Lost Children:
The Writer’s Imaginative Progeny in Michael Ondaatje’s Divisadero
He will never know what becomes of his children. He will not know whether he has nurtured or damaged them. A girl travels down the long California valley in a commercial refrigeration truck, hardly able to speak, as a result of her fear or bravery, listening to every word of the good stranger. Lucette in Paris sips absinthe with her lover. The boy Rafael will meet me, a woman from the New World….And Coop? And Claire? Will these children in their eventual cities, turn out to be the heroes of their own lives? (272-3)

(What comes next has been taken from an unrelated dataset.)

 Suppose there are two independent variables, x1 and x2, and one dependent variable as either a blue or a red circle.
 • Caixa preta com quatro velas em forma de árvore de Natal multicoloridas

This passage from Michael Ondaatje’s Divisadero identifies the narrator as Anna, a writer of fiction, and to that extent suggests that much of the narrative is a product of Anna’s imagination. The passage makes a claim about the importance and ease of substitution, the means by which one character is substituted for another in Ondaajte’s exploration of a writer’s relationship to the fiction he or she creates.

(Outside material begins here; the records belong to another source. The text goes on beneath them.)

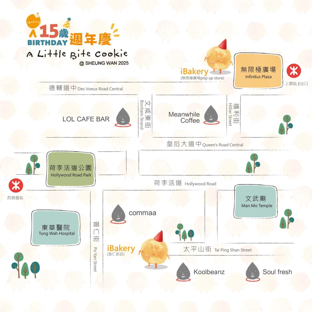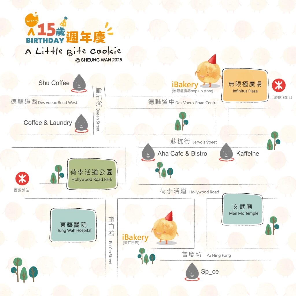 為慶祝 iBakery15周年,我哋邀請咗上環10間cafe參與我哋曲奇巡禮嘅活動,一齊分享喜悅🎉每到指定cafe消費一杯飲品,即免費送你由iBakery不同能力嘅同事手工製作嘅曲奇:七款口味隨機派發,送完即止😋
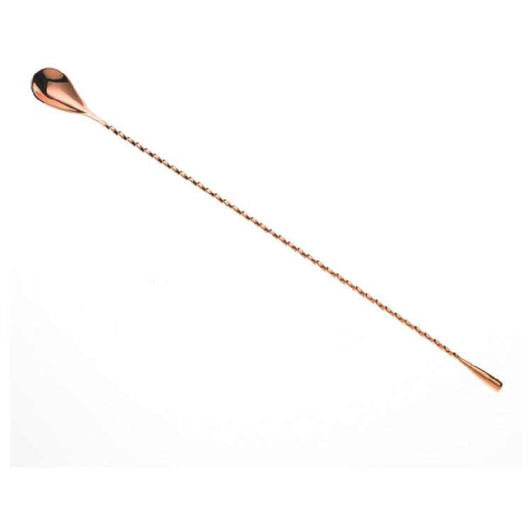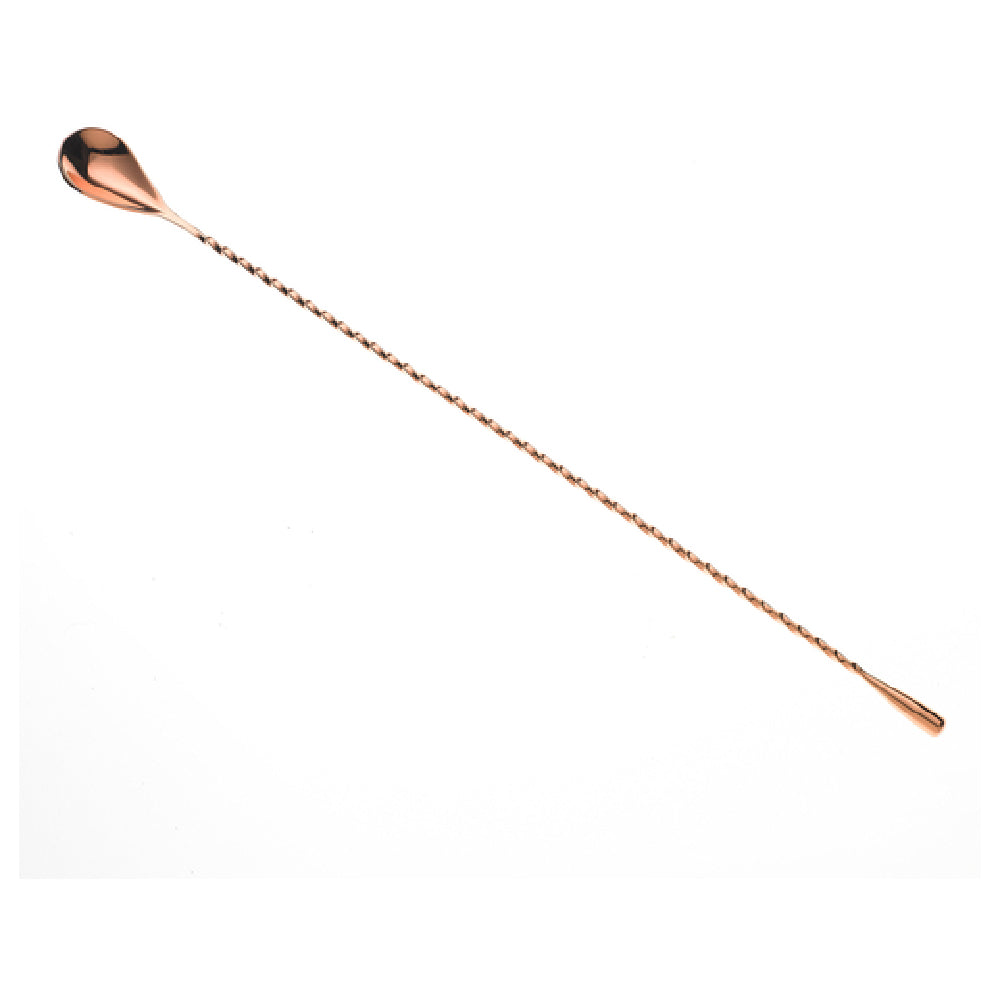 The Mercer Culinary M37013CP Barfly® Classic Bar Spoon 15-3/4" (40 Cm) Weighted Teardrop Shaped End stands out as a versatile tool for mixologists and bartenders in various market segments, from high-end cocktail bars to casual lounges. This bar spoon features a length of 15-3/4 inches (40 cm), providing ample reach for mixing in taller glasses and pitchers, a critical factor for professionals aiming for precision and efficiency in their craft. The weighted teardrop-shaped end offers enhanced control and balance, facilitating smooth stirring motions essential for creating perfectly blended drinks. Crafted from 18/8 stainless steel, the one-piece construction of this bar spoon ensures durability and resistance to corrosion, a must-have for maintaining the quality and longevity of bar tools in high-traffic environments. The twisted stem adds a touch of elegance while also serving a functional purpose, allowing for an easy grip and preventing slippage during use. Furthermore, the copper-plated finish not only enhances the aesthetic appeal of this bar spoon, making it a striking addition to any bar setup but also aligns with the rising trend of copper barware. This combination of functional design and stylish appearance makes the Mercer Culinary M37013CP Barfly® Classic Bar Spoon a valuable asset for professionals seeking both performance and sophistication in their bar tools.
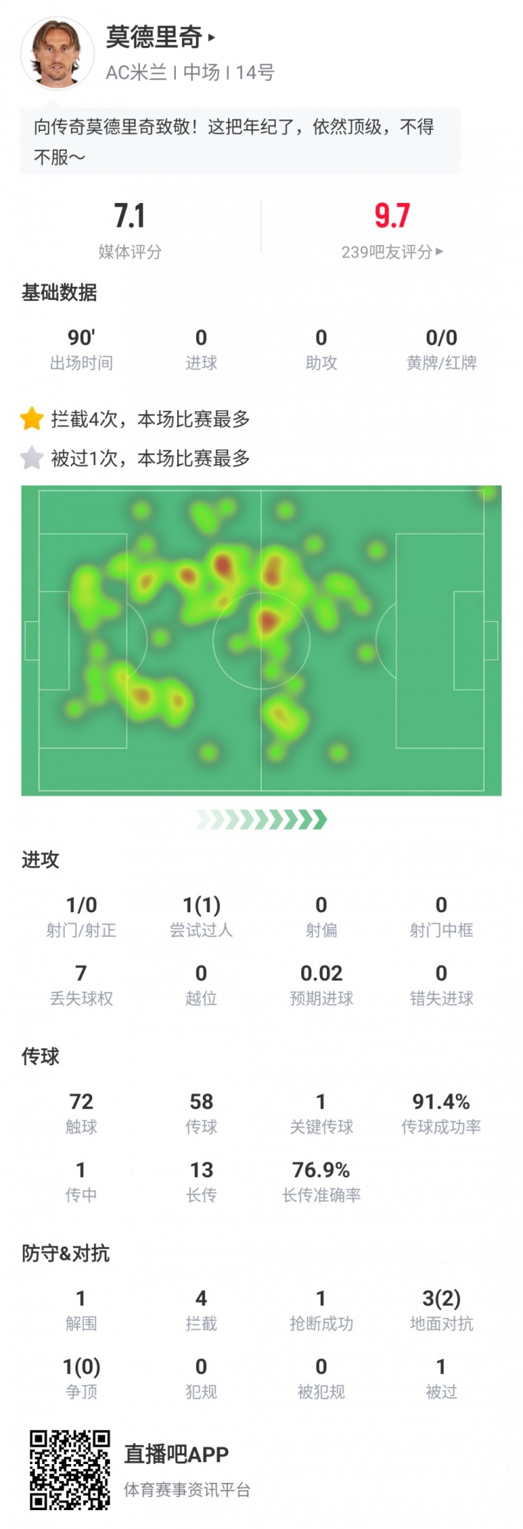 能攻能守!莫德里奇本场数据:传球得手率91.4%,4次防止本场最多
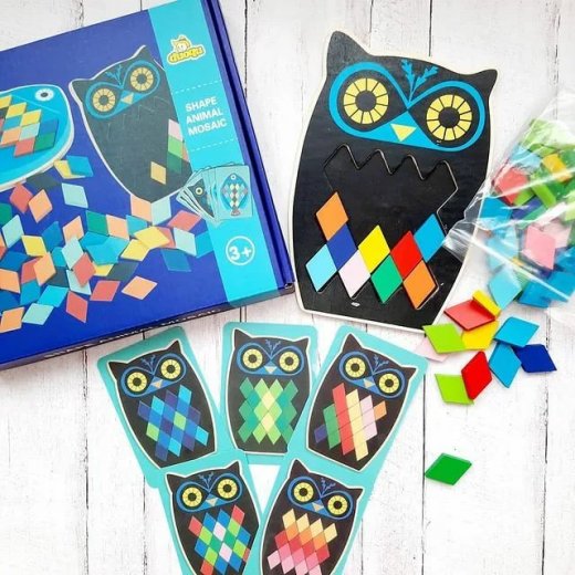 Деревянная мозаика станет увлекательной развивающей игрушкой для каждого малыша. В комплекте ребенок найдет основу в виде деревянной совы с пустым пространством в центре, а также множество разноцветных ромбиков, которыми он должен заполнить совенка согласно карточкам с заданиями. Ребенок может следовать инструкциям и примерам с заданиями или же заполнить сову так, как ему подскажет фантазия. Набор изготовлен из безопасных высококачественных материалов. Изображения покрыты безопасными красками.

In this passage, the narrator, who until now has remained unnamed and unidentifiable, defines herself as “me, a woman from the New World.” We now know that the narrator is female and that she is from America, often referred to as the New World. Moreover, the passage tells us that she Rafael “will meet” her, and since we already know of Anna and Rafael’s affair, the passage implies at this point that the “me,” or narrator, can only be Anna. But who is this Anna, and what is her relationship to “these children”?

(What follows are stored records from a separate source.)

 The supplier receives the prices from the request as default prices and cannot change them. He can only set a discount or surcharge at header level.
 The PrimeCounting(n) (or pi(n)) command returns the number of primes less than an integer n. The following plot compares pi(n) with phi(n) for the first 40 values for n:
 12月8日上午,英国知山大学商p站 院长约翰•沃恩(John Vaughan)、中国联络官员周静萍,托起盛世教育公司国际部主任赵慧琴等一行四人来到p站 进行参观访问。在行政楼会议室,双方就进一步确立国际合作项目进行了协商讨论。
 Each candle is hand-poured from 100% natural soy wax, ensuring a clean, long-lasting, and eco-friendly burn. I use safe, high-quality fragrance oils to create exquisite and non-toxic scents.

There are many “children” that the passage identifies. The first child is “the girl” that can only be Anna. Earlier in the novel it was Anna who ran away from home with the help of a trucker. The narrator refers to her only as “the girl,” never naming her in the way that she names the other children. The girl is “hardly able to speak” which suggests that the girl must find other ways in which to communicate. Thus, the passage implies that it is through her imaginative writing that Anna finds her means of expression. Instead of talking, the girl “listen[s].” Anna, as the girl, learns to take heed of people’s stories in order to incorporate them into her writing. By including herself in her speculations about her characters, Anna highlights her own creative method. It is a method that entails the writer’s alienation from his or her self. As the narrator tells us on the first page of the novel, “For I have taken myself away from who I was with them, and what I used to be.” Fiction writing is Anna’s means of stepping outside of herself. Just as the children and the fathers in this novel recreate families to replace the ones they have lost, so, too, the writer—Anna—creates them as a function of her own unnamed loss.
Since Anna is both the narrator and a character, it is not without reason that she takes the place of the “he” at the beginning of the passage. “He” is a character, a father of children. These children are very much in fact characters who Anna “nurtures” into existence. She develops and cares for her characters much like the father cares for his children. He does not know “what becomes” of his children once they have left him. He does not know how they are received in the world, whether they are loved or hated, or even known. So, too, the passage implies, the writer of fiction ultimately disowns her beloved characters, setting them in motion in an imaginative landscape she only partly controls.